Western blot analysis
The lower lobe of the right lung was harvested and stored in −80 °C liquid nitrogen. After homogenization of tissue samples, total proteins were extracted and their concentrations were measured by BCA protein assay. Cell lysates (20 μg protein/lane) were separated on 10% SDS polyacrylamide gel electrophoresis and transferred to polyvinylidene difluoride membranes, which were subsequently blocked with 5% skim milk in a PBST solution (100 mM NaCl,50 mM Tris,0.1% Tween-20,PH 7.5)for 1 h at room temperature and probed overnight at 4 °C with appropriate primary antibodies. Horseradish peroxidase (HRP) conjugated anti-rabbit IgG and anti-rat IgG were used as secondary antibodies according to the primary antibodies. Immunoreactive bands were visualized by enhanced chemiluminescence.

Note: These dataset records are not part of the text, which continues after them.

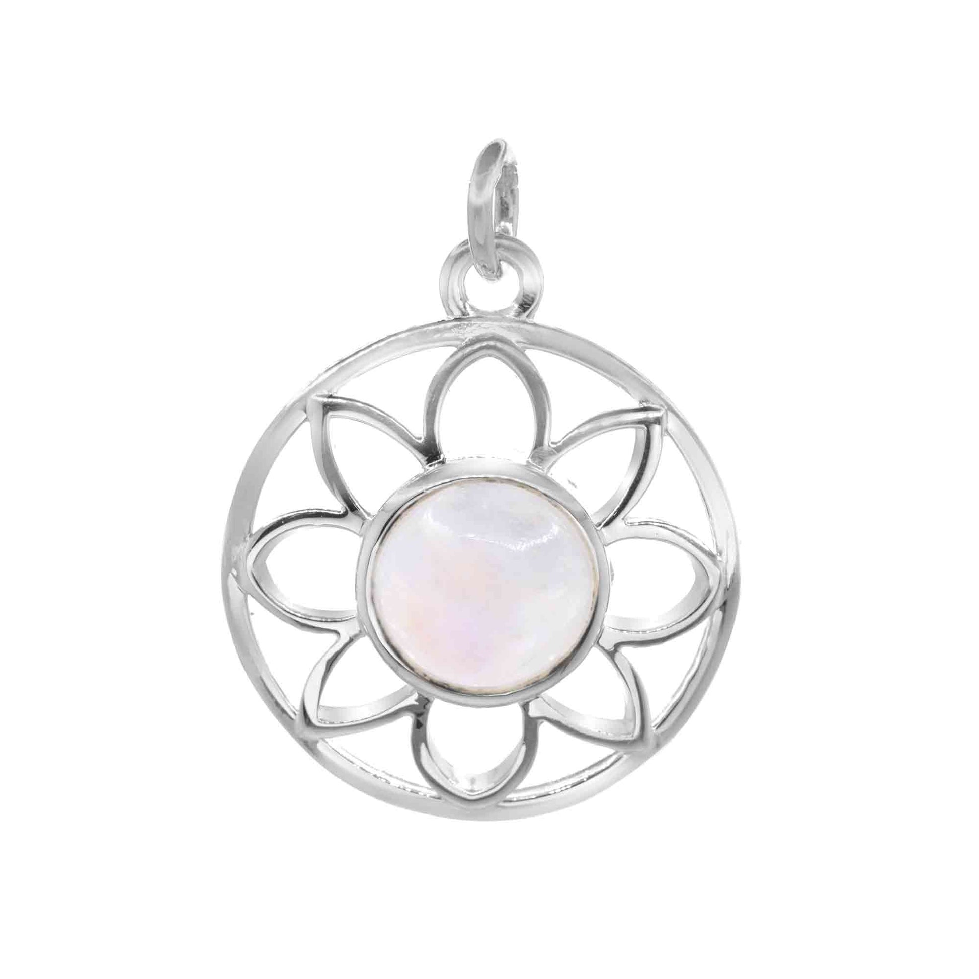 Colgante de Plata 925 Figura Flor con Piedra Luna. Peso 3,03 Gramos Aprox. Tamaño 2,6 cm.
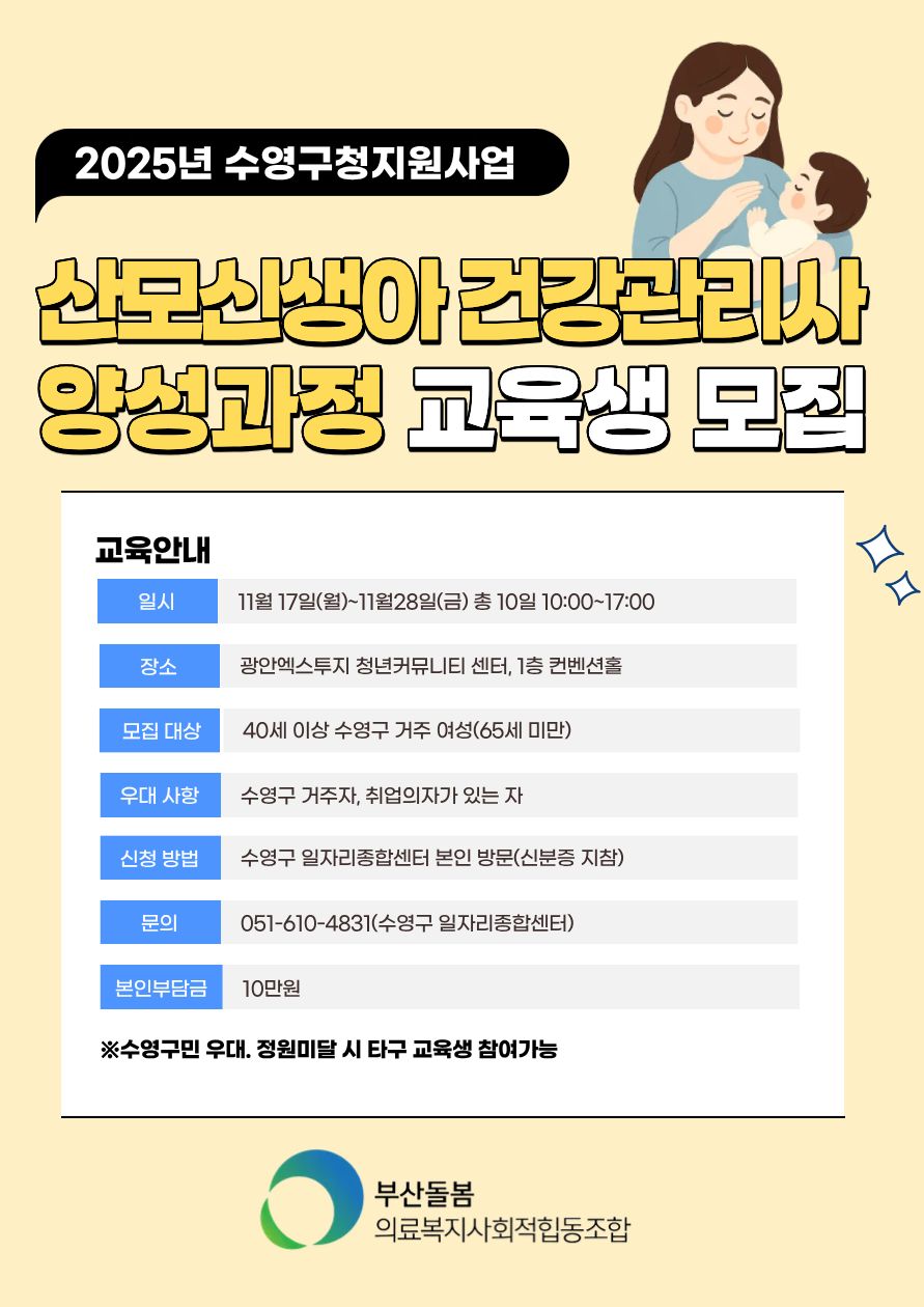 🍼 2025년 산모신생아 건강관리사 양성과정 교육생 모집 🍼
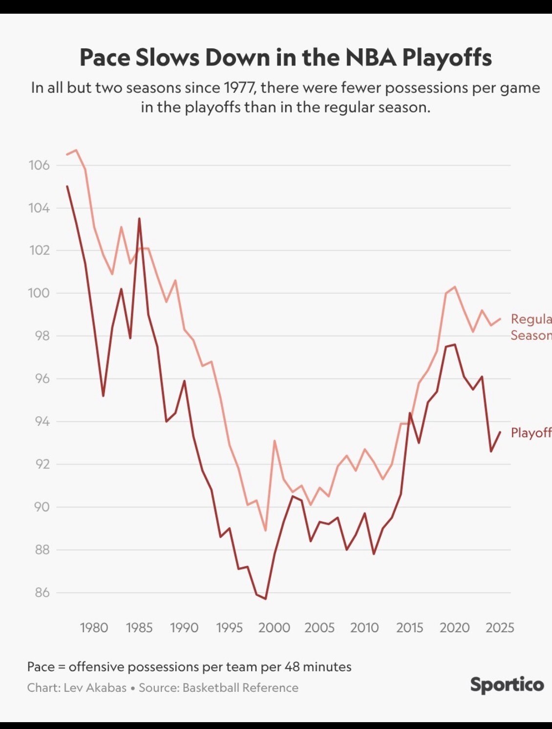 (1) 예전보다 정규시즌과 더 큰 격차로 페이스가 느려지는 플레이오프
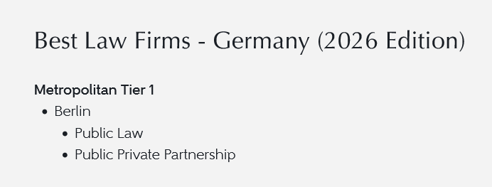 Best Lawyers & Handelsblatt haben erneut SOUDRY & SOUDRY Rechtsanwälte als Top Kanzlei und Dr. Daniel Soudry, LL.M. als Top-Berater in den Bereichen Öffentliches Recht und PPP ausgezeichnet.
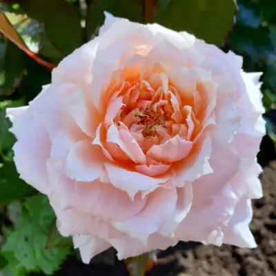 Цветение продолжается с начала июня до середины осени. Бутоны раскрываются последовательно, каждый держится до 10 дней. Цветок густомахровый, около 120 лепестков, диаметром до 12 см. Лепестки плотные, хорошо держат форму и не выгорают на солнце. Окрас — сложный и нестабильный: утром — холодный розовый, вечером — тёплый персиково-пудровый. На одном кусте часто сочетаются разные оттенки, что делает цветение визуально динамичным.
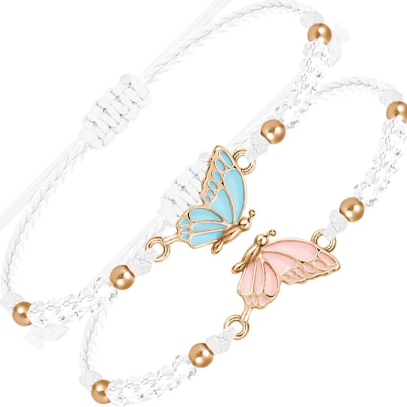 BFF Bracelets for 2-Butterfly Matching Adjustable Best Friends Handmade Friendship Bracelets Jewelry Gifts for Teen Girls Women
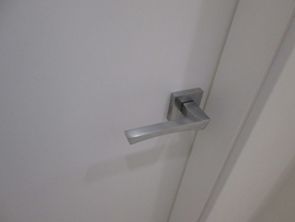 Рекомендуемая фурнитура. К гладким белым дверям подойдёт любая фурнитура, но более выигрышно будут смотреться дверные ручки с квадратной розеткой.
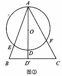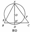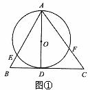 如图①,AD是圆O的直径,BC切圆O于点D,AB、AC与圆O相交于点E、F。
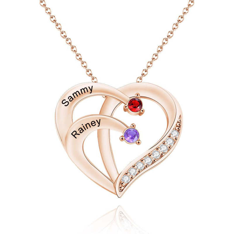 Collier En Forme De Coeur Avec Pierre De Naissance Gravée Collier Avec Nom Personnalisé Cadeau Pour Maman
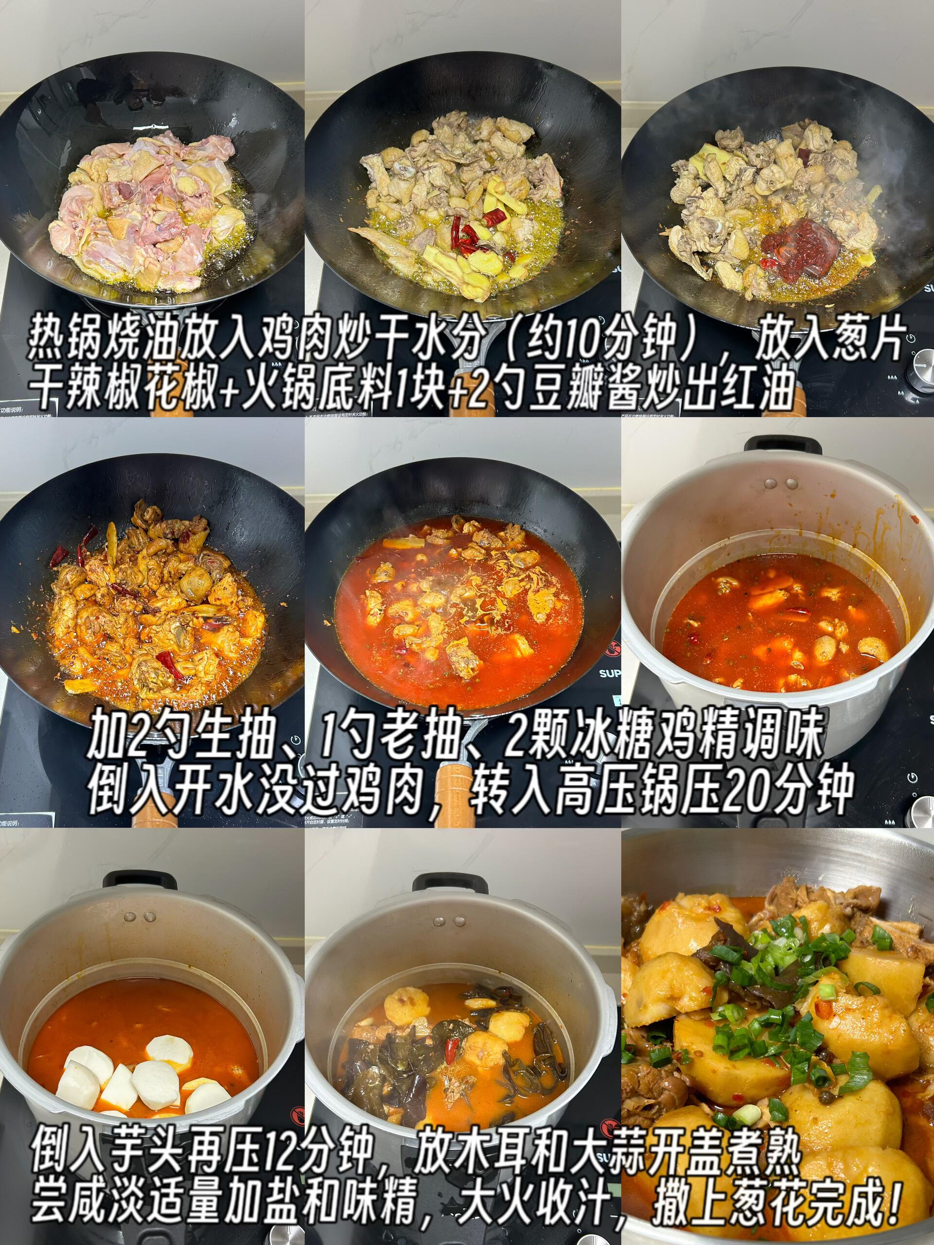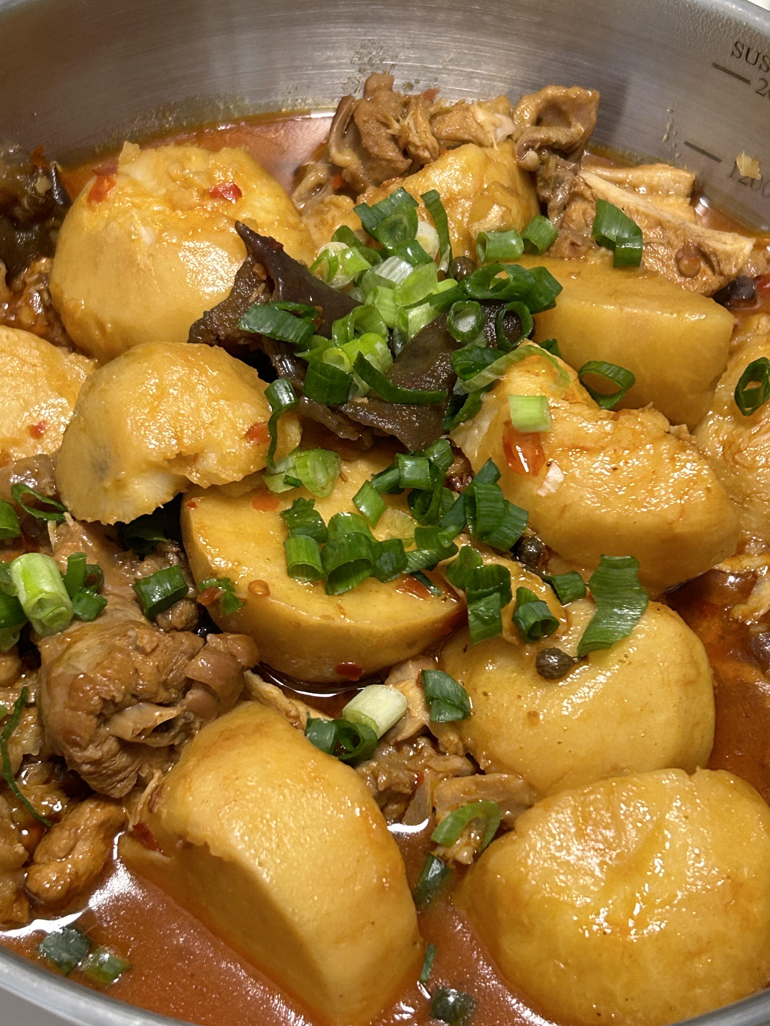4. 加入芋头:鸡肉压好后,倒回炒锅,放入切好的芋头,再压12分钟。芋头在汤汁里炖煮,充分吸收了鸡肉和调料的香味。
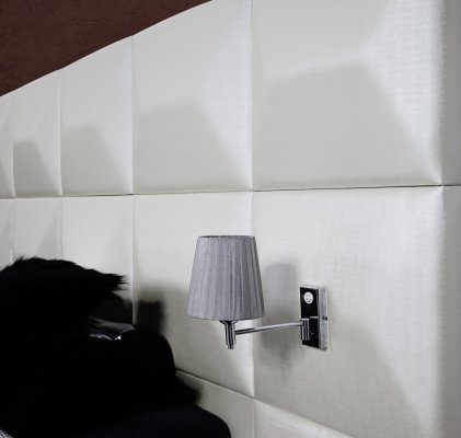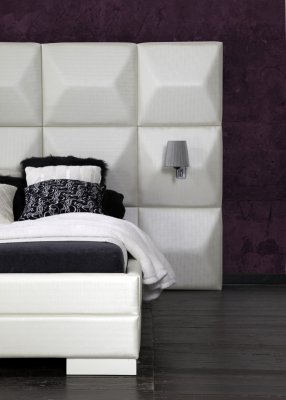 MEDEA to przepiękne nowoczesne łóżko o ciekawym dizajnie. Wezgłowie składa się z kilku trójwymiarowych paneli o niepowtarzalnym kształcie. Są one idealnym tłem dla lampek nocnych.
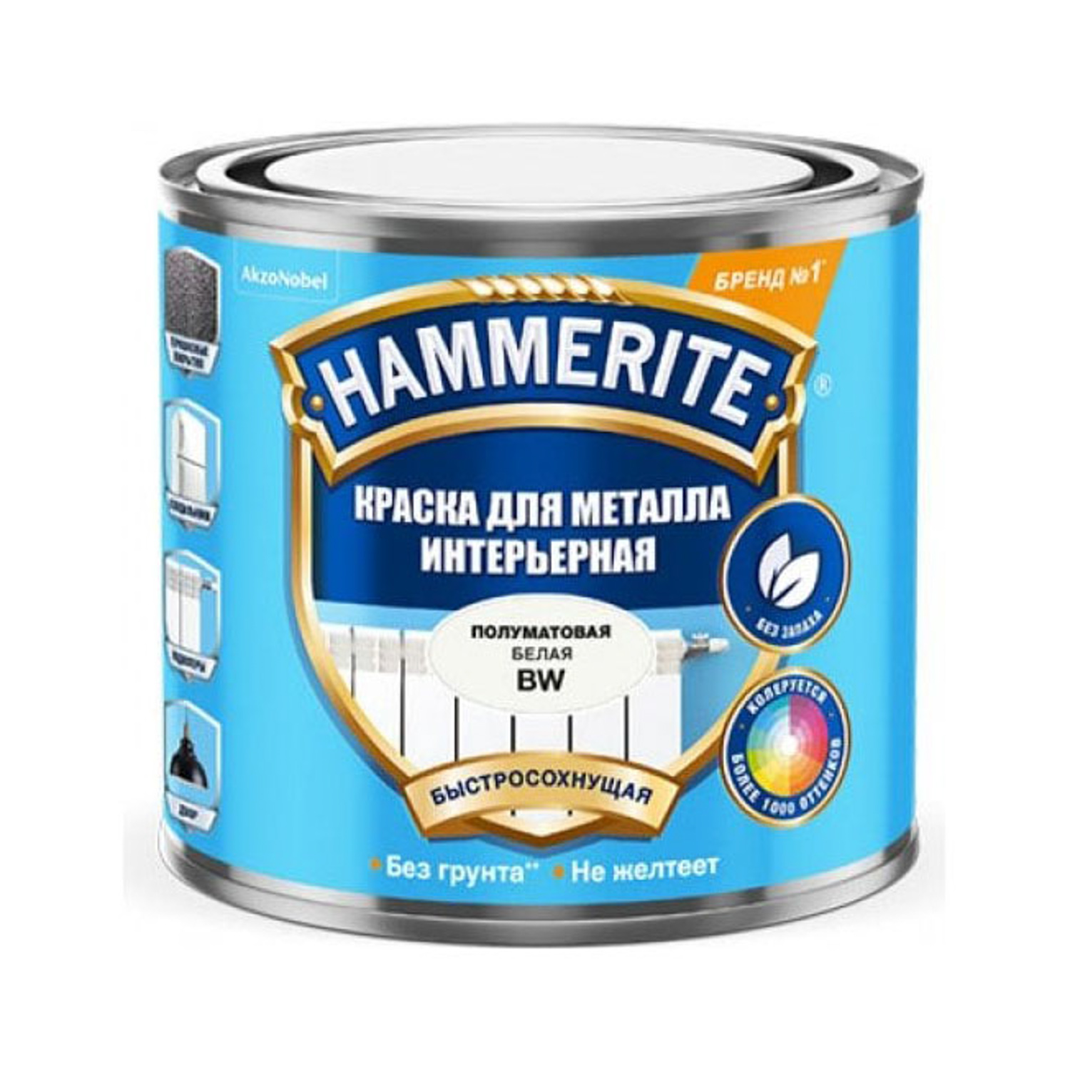Краска по металлу интерьерная 0,5 л Hammerite BW *1/6
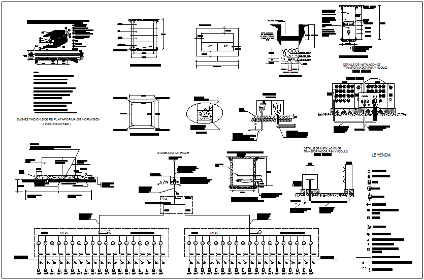 view of electrical for sub station with electrical diagram view, transformer view with its foundation,PCB view and cable foundation with electrical legend in view.
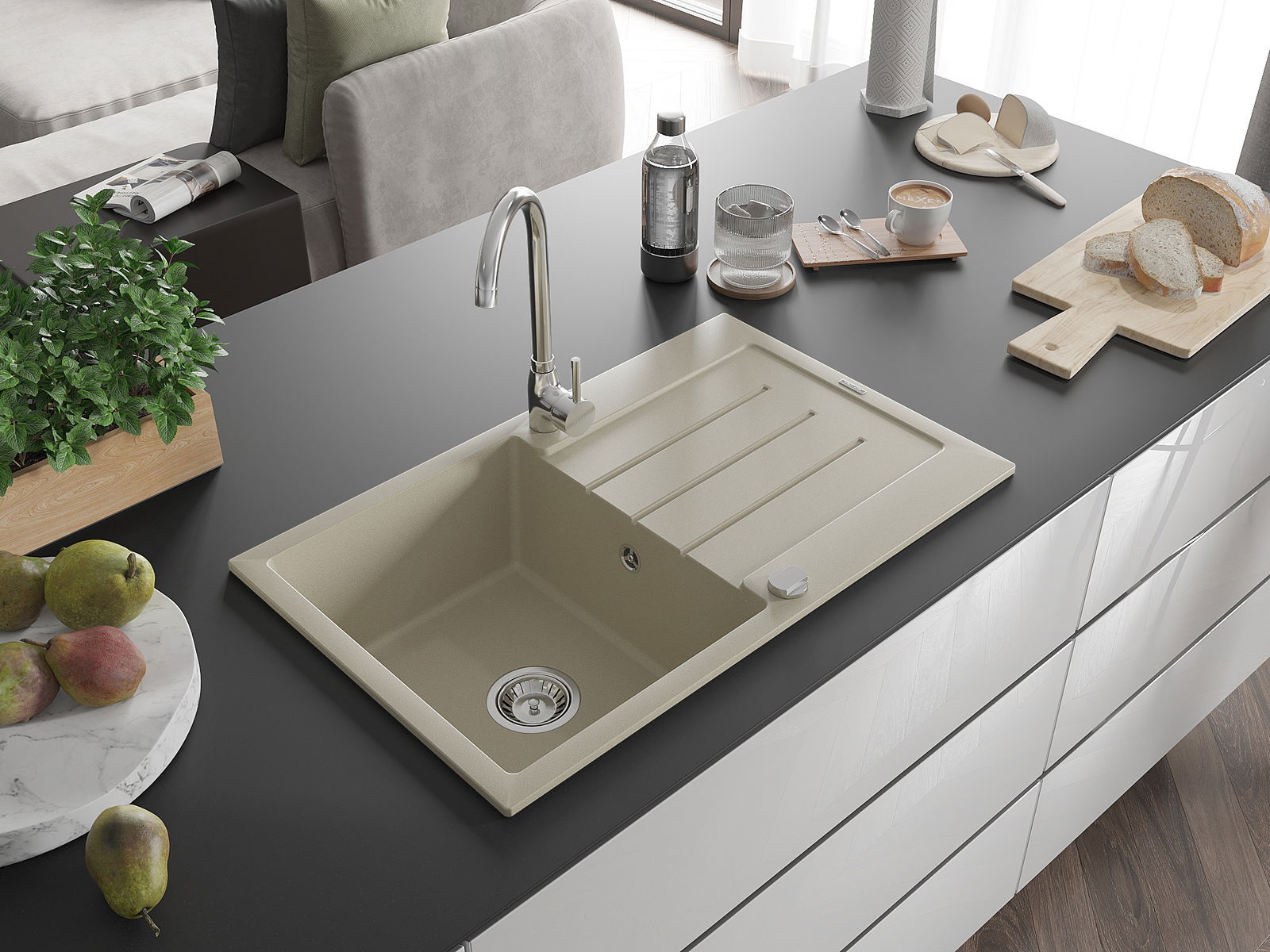 Izlietnes virsma ir izturīga pret traipiem un krāsas izmaiņām, tāpēc to ir viegli uzturēt tīru un tā saglabā savu krāsu ilgu lietošanas laiku. Estētiski un praktiski papildina jebkuru virtuvi.
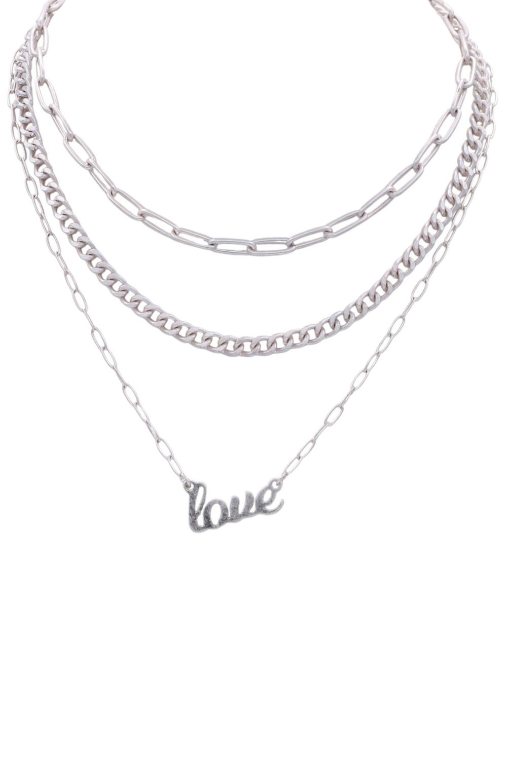 - This 2-piece necklace set includes a polished metal chain and a dainty “LOVE” charm for a stylish, romantic touch. Perfect for everyday wear or pairing with boutique fashion

Total RNA extraction and qRT-PCR
The lower lobe of the right lung was harvested and stored in −80 °C liquid nitrogen. Total RNA was extracted from tissue samples using Trizol reagent. 2 μl of total RNA from each sample in a final reaction volume of 10ul was converted into single-stranded cDNA using SuperScript II Reverse Transcriptase (Invitrogen) following the manufacturer’s recommendations. The RT PCR reaction was carried out with 37 °C for 15 min and 85 °C for 50 s. qRT-PCR was performed using SYBR Premix Taq™ kit with the 95 °C activation step for 30 s; 95 °C denaturation step for 5 s, 62 °C annealing step for 30 s (NF-κB) or 58 °C annealing step for 30 s (TNF-α), 72 °C extension step for 34 s for 40 cycles; and a final extension step of 72 °C for 4 min. The following primers were used: NF-κB forward: 5′-GGG ACT ATG ACT TGA ATG CGG TCC -3′, reverse: 5′-CAG GTC CCG TGA AAT ACA CCT CAA-3′; TNF-α forward: 5′-CTT CTG TCT ACT GAA CTT CGG-3′, reverse: 5′-GTG CTT GAT CTG TTG TTT CC-3′; GAPDH forward: 5′-ACC ACA GTC CAT GCC ATC AC-3′, reverse: 5′-TCC ACC ACC CTG TTG CTG TA-3′. Results in triplicate were expressed as relative transcriptions of the NF-κB mRNA and TNF-α mRNA using the following formula: \( \mathrm{Folds} = {2^{\hbox{-}}}^{\varDelta \varDelta \mathrm{C}\mathrm{t}};\kern0.5em \varDelta \varDelta \mathrm{C}\mathrm{t} = {\left(\mathrm{C}{\mathrm{t}}_{{}_{\left(\mathrm{target}\ \mathrm{genes}\right)}}-\mathrm{C}{\mathrm{t}}_{{}_{\kern0.5em \left(\mathrm{GAPDH}\right)}}\right)}_{\mathrm{experimental}\ \mathrm{group}}-{\left(\mathrm{C}{\mathrm{t}}_{{}_{\left(\mathrm{target}\ \mathrm{genes}\right)}}-\mathrm{C}{\mathrm{t}}_{\left(\mathrm{GAPDH}\right)}\right)}_{\mathrm{control}} \).
Statistical analysis
Statistical analysis was conducted using SPSS 13.0 software package. All data were expressed as mean ± S.D. and compared using the student’s t-test for two-group analysis and one-way analysis of variance (ANOVA) followed by Student-Newman-Keuls method for multiple-group analysis. Differences in values were considered significant at P < 0.05.